Who wrote this? What are their credentials? Could the writer have a self interest beyond seeking the truth? Who paid the writer and does the publisher have an agenda, hidden or otherwise?

When was this written? Have you checked the subsequent literature? It could very well be that some or all of the writers’ claims and statements have been refuted and debunked or at least have been questioned but that part of the story just never came to your attention.Could it be that their knowledge and yours is seriously out-dated although the books are still in your library?

In 1964 scientists announced the discovery in Yukon of 20 or so seeds of Arctic Lupine in a lemming burrow that we are told had been buried in frozen silt for over 10 000 years. The contents of the burrow, including a lemming skull, faecal pellets and the seeds, were brought to Ottawa in 1966. In 1967 the seeds were germinated in a greenhouse and produced perfectly normal Lupinus arcticus.
The rewarding work was described and published in Science, the holiest of such journals. By the time that I heard the story it was the mid-seventies, and then I found myself bumping into it repeatedly as by now the amazing story was being told and retold around the world. Not all scientists were convinced.

I am not a scientist merely an interested reader but I did not like the story; it did not pass the smell test. It made my nose wrinkle. Palaeontologist Dick Harington (with one r, I checked.) who discovered the seeds had impressive credentials; and who was I to quarrel with the most esteemed of science journals?

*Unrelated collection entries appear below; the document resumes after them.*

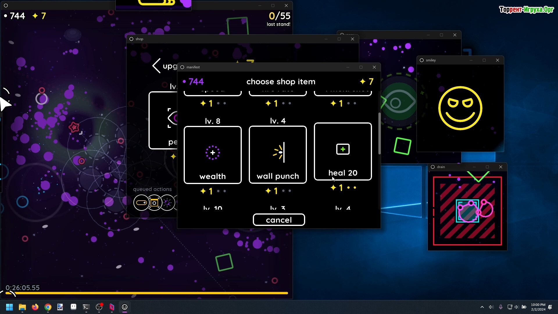 Игра отличается необычным геймплеем, где само окно становится ареной сдвигающихся и перемещающихся окон магазинов. Благодаря этому процесс партит быстро, создавая ощущение напряжения и динамики на экране. В вашем распоряжении всего одна жизнь, и противостоять вам будут волновые атаки врагов и сильные боссы. Используйте найденные и приобретённые в магазинах улучшения и навыки с умом, чтобы выжить и пройти дальше.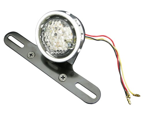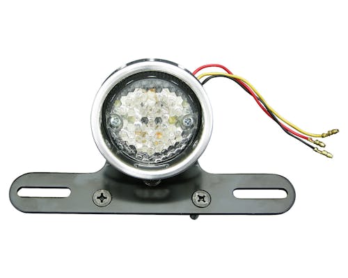 ボバースタイルに相性抜群のテールライトです。 中身のバルブはLEDですので視認性が向上しており、 小さいながらしっかりナンバー灯も付いてます。 サイドマウントやフェンダーに埋め込む等、 アイデア次第で様々なスタイルを楽しめます。 レッドレンズをご希望の場合には、 ラウンドテールライトを入れ替えてご利用ください。 配線色 テールライト:黄 ブレーキ:赤 アース(-):黒 |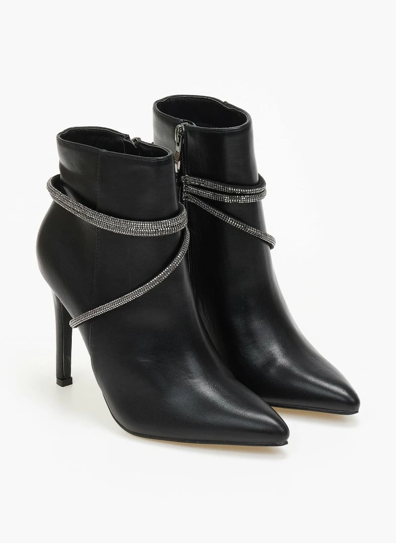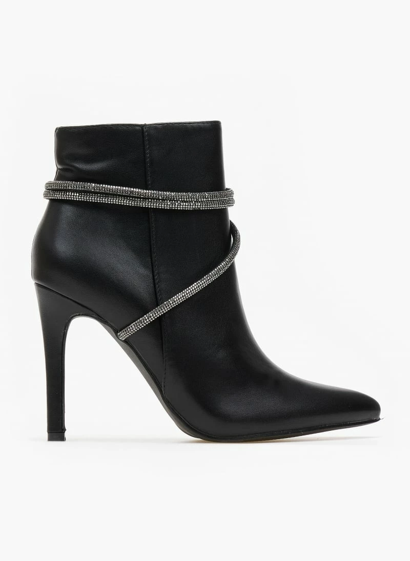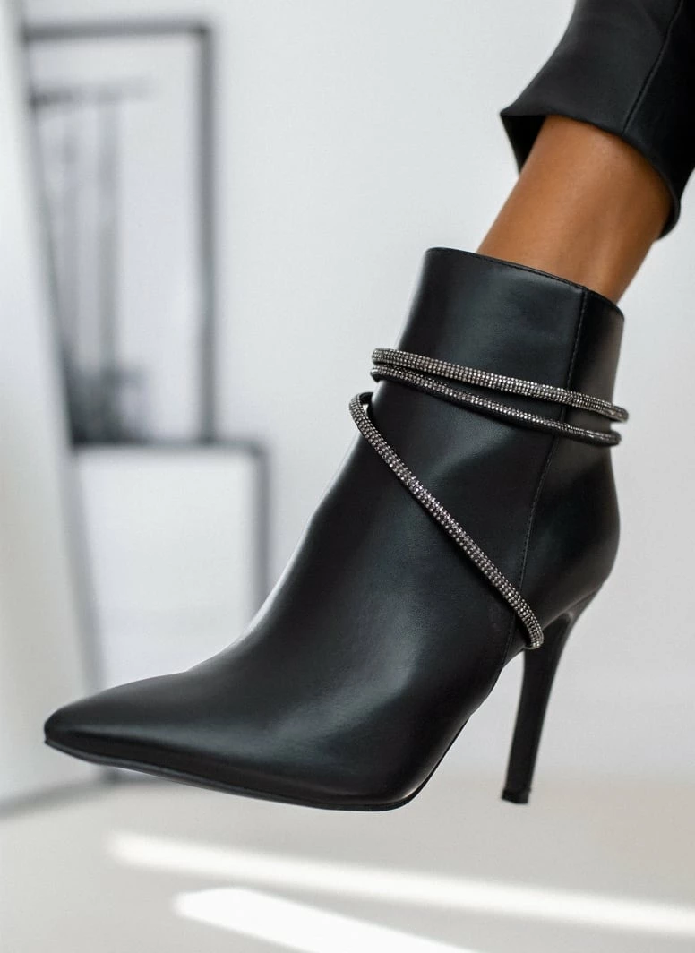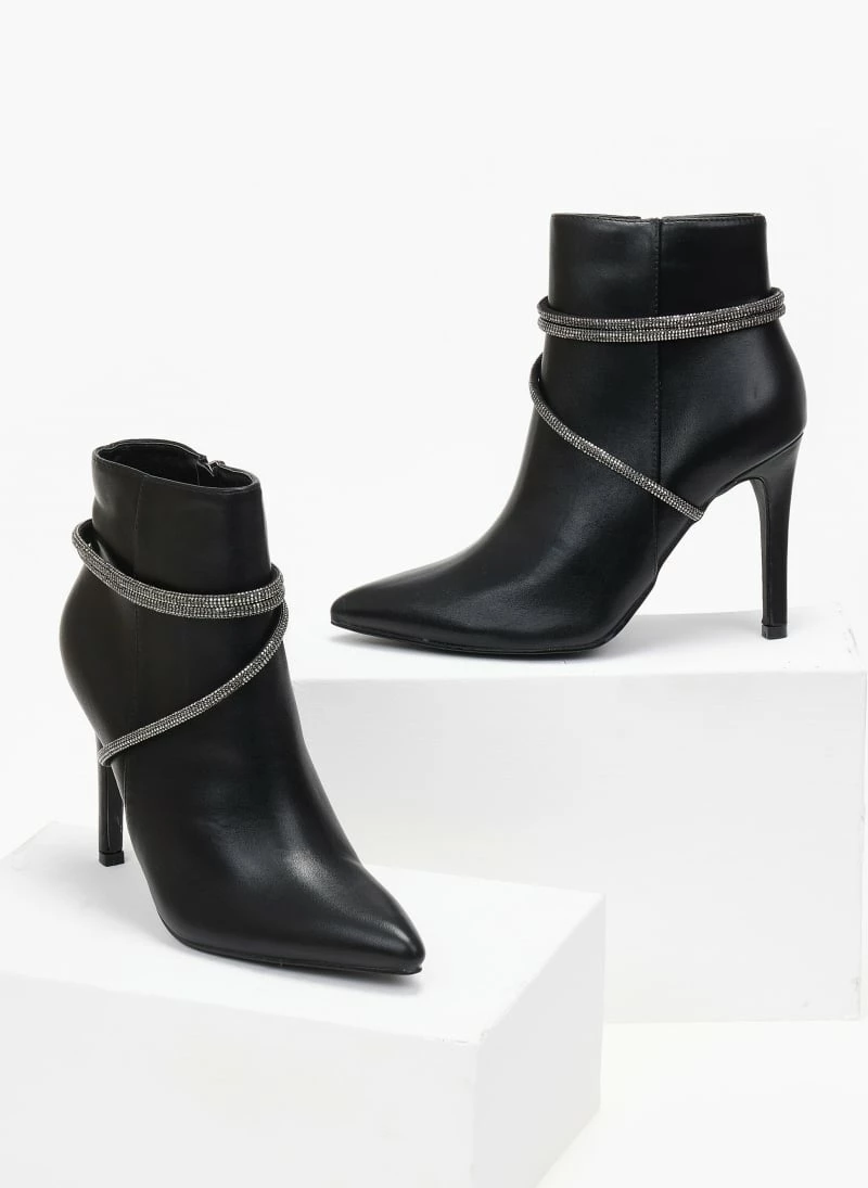 Μποτάκια μυτερά με λεπτό τακούνι. Έχουν σειρές strass στο πλάι και το ύψος του αστραγάλου.

But I could wonder; and ask questions. I wondered what the weather had been like in that part of Yukon 10 000 years ago. Apparently the site had never been glaciated and no doubt there would have been warm periods, and locations near hot-springs, but still; could this flowering plant have ever flourished there?

Harington was fortunate enough to continue his work in Yukon for another forty years and was able to co-author a new paper with Grant Zazula in which the true age of the Lupine seeds was proven and his original error corrected. Seeds remained from the 1964 find, some of which were sent to an expert in radiocarbon- dating at Oxford University. Using greatly improved equipment it was shown that the seeds were modern and in fact only a few years older than the date of their discovery.

GO TO-  BBC Earth News 10 000 year old seeds debunked.

Zazula says that he has collected over 65 species of seeds from ancient rodent nests in the permafrost, some as old as 25 000 years. He has never found ‘ancient’ Arctic Lupine seeds. “Also, Arctic lupine is a  boreal forest understory flower, and I do not think it lived during the ice age with incredibly cold, harsh arctic conditions. The ecology does not fit,” he says.
Now that the age of the Arctic Lupine seeds have proved to be modern; where did they come from? How did they get in that lemming burrow? It is just too dreadful to think that an esteemed scientist would ever place false evidence, to then feign discovery and attempt to fool the world. The alternate explanation is that Professor Harington was the victim of a malicious hoax. The story is not ended yet.
It appears that there is still another shoe waiting to be dropped.